Indeed, Korda's book devotes an entire chapter to manure. "We produce a lot of manure," he says, apparently referring to his animals, "although most people don't find pig feces disagreeable, actually."

One might logically deduce that Columbia County or, even worse, Ulster or Sullivan County weekenders, up to their asses in rusty appliances, would be crippled by self-doubt were they forced to compare themselves to the country squires in Dutchess County, the professional musicians and their hangers-on who flock to Tanglewood just across the border in the Berkshires, or Connecticut's constellation of boldfaced names.
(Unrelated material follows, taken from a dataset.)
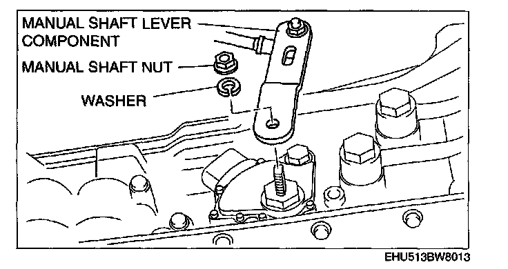 ^ Do not use an impact wrench. Hold the manual shaft lever when removing the manual shaft nut, otherwise the transmission may be damaged.

However, the opposite seems to be the case.

They embrace the local color as a badge of honor -- to say your kids play with the town road crew's kids is way cooler than attending one more birthday party on Georgica Pond with the obligatory petting zoo and Good Humor truck -- and point to the lack of indigenous culture as proof of their intellectual self-reliance.

"I have my friends up there," explains Reichl. "A lot of writers and artists and absolutely no pretension. In a place like that, you have to have people to talk to. What I do is cook all weekend and have people to dinner. Nobody gets dressed. There are no shops. There are no restaurants."

Unfortunately, Reichl's vision of a culture-free utopia is already in peril. Slowly but surely, Mercedeses are starting to fill the parking lot at the local Grand Union and social X-rays have been spotted unit-pricing the Skim Plus milk. "I see New Yorkers standing in the aisles trying to find the bay leaves," reports Susan Bodo, an art dealer who lives in Pine Plains on the Dutchess-Columbia border. I'm thinking of moving to the other side of the river."